_Exercise inputs_:
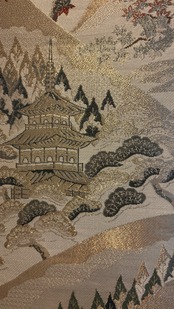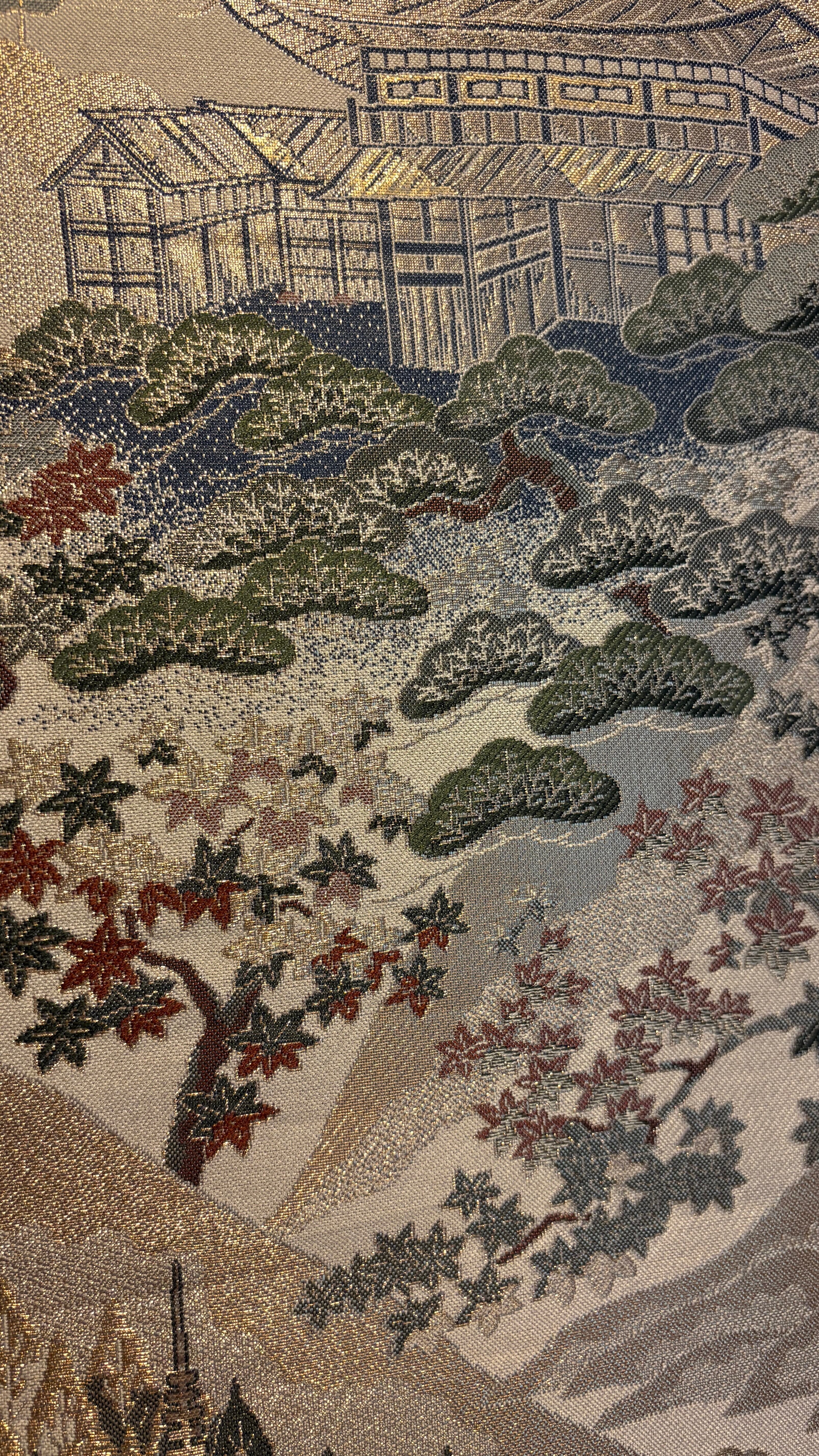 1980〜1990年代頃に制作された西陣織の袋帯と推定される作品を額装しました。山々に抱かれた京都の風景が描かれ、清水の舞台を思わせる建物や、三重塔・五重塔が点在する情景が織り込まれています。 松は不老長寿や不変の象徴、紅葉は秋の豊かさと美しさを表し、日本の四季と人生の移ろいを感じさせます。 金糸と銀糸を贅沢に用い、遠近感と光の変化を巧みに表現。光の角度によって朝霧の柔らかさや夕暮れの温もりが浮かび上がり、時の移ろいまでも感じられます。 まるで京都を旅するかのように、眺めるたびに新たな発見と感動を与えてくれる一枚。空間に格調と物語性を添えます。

---

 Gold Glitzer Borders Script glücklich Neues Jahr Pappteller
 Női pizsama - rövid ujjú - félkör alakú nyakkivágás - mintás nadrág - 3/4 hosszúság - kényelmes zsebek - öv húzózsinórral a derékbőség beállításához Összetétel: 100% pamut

_How to complete this task_: What you give back should be exactly the lines of the data above from the line with "Gold Glitzer Borders" through the line with "Női pizsama - rövid", both of those included, and nothing more.

_Response area_:
 Gold Glitzer Borders Script glücklich Neues Jahr Pappteller
 Női pizsama - rövid ujjú - félkör alakú nyakkivágás - mintás nadrág - 3/4 hosszúság - kényelmes zsebek - öv húzózsinórral a derékbőség beállításához Összetétel: 100% pamut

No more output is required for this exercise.